- _What you are asked to do_:
Go to the line with "Recipe for marinating" in the entries below and write out every line from there through the line with "Come and join", exactly and without pictures.

========

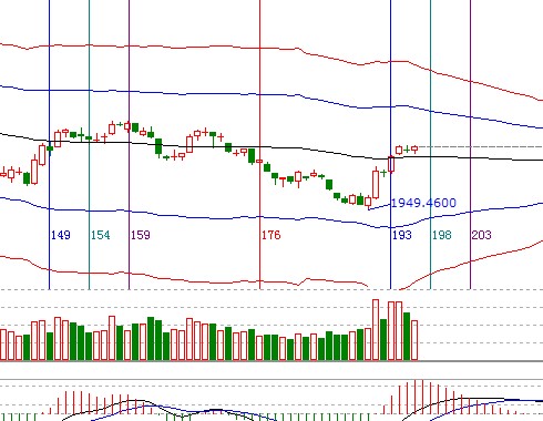 指數(shù)運行在生命線附近,日線進入周初通過時間工具提示的時間窗口,近兩個交易日震蕩確認生命線有效性為主,整理回落過程中不破生命線投資者可結合工具支撐做操作計劃,日線生命線支撐2060-2065,外軌線阻力2093-2106;
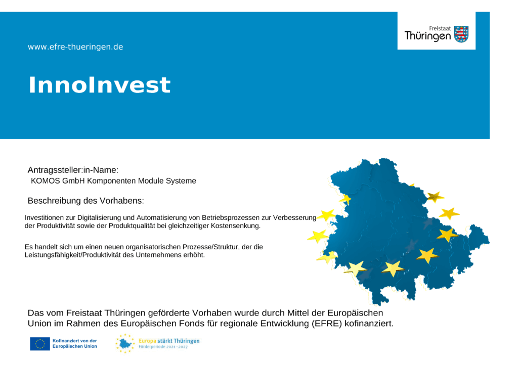 Mit Unterstützung des Europäischen Fonds für regionale Entwicklung (EFRE) und dem Freistaat Thüringen investiert die KOMOS GmbH gezielt in die Digitalisierung und Automatisierung ihrer Betriebsprozesse. Ziel ist es, Produktivität und Qualität zu steigern, Prozesse zu optimieren und gleichzeitig die Kosten zu senken. Durch neue digitale Strukturen schaffen wir die Grundlage für effizientere Abläufe in Entwicklung, Fertigung und […]
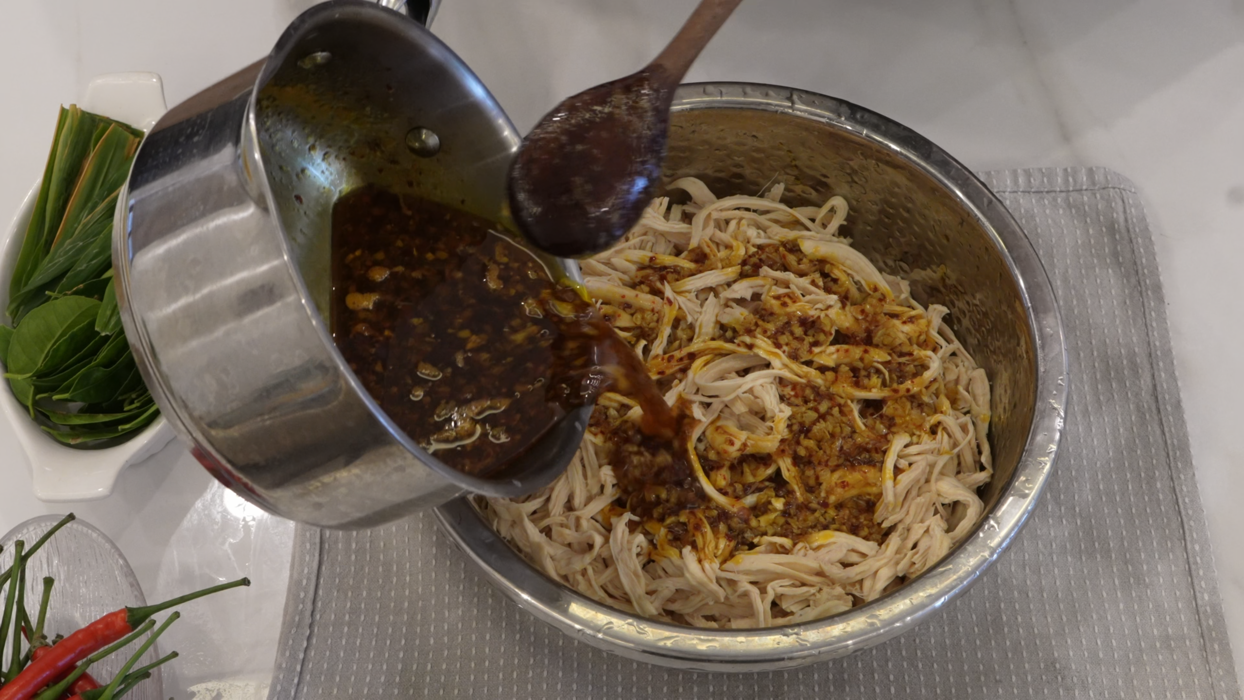 Recipe for marinating shredded chicken:
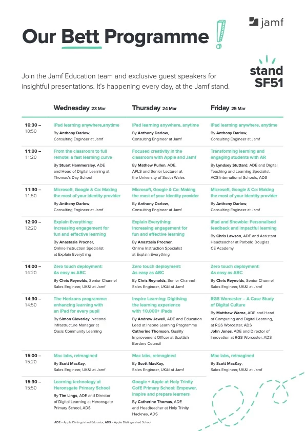 Come and join us at stand SF51, located near the Arena in the South Hall. See a full list of events here or the attached Jamf BETT 2022 Programme.
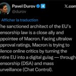 На фоне крайне низких рейтингов одобрения Макрон пытается заставить замолчать онлайн-критику, превращая весь ЕС в цифровой ГУЛАГ — через цензуру (DSA) и массовую слежку (контроль чатов)».
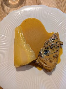 main course: glazed parsnip and deboned chicken thigh cooked over fire with cider sauce
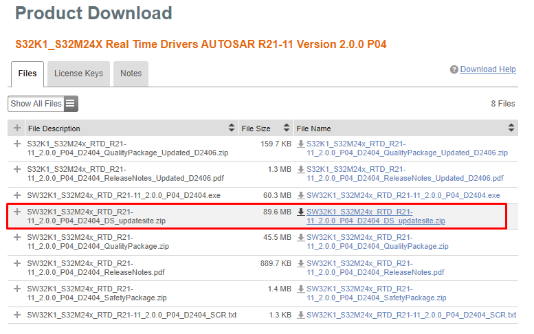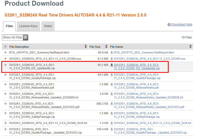 「Automotive SW - S32K1/S32M24x - Real-time Drivers (RTD) for Cortex-M」パッケージを選択し、更新サイト・ファイルをダウンロードします。
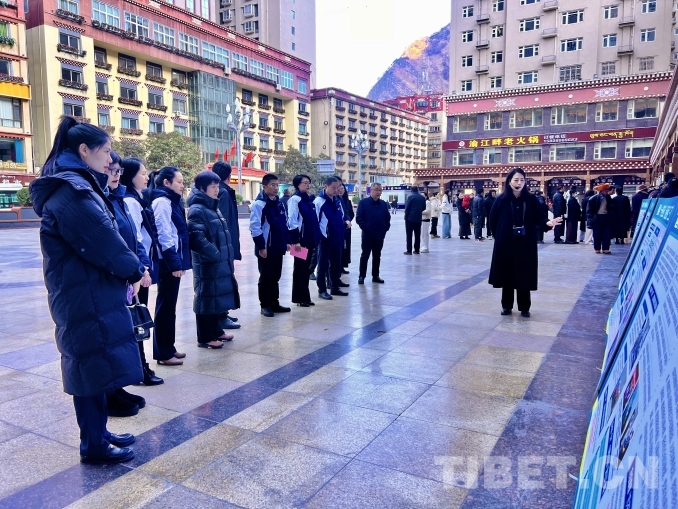 圖為援藏干部在雅江縣廣場上觀看展板 攝影:龍真多吉

========

- _Exercise answer_:
 Recipe for marinating shredded chicken:
 Come and join us at stand SF51, located near the Arena in the South Hall. See a full list of events here or the attached Jamf BETT 2022 Programme.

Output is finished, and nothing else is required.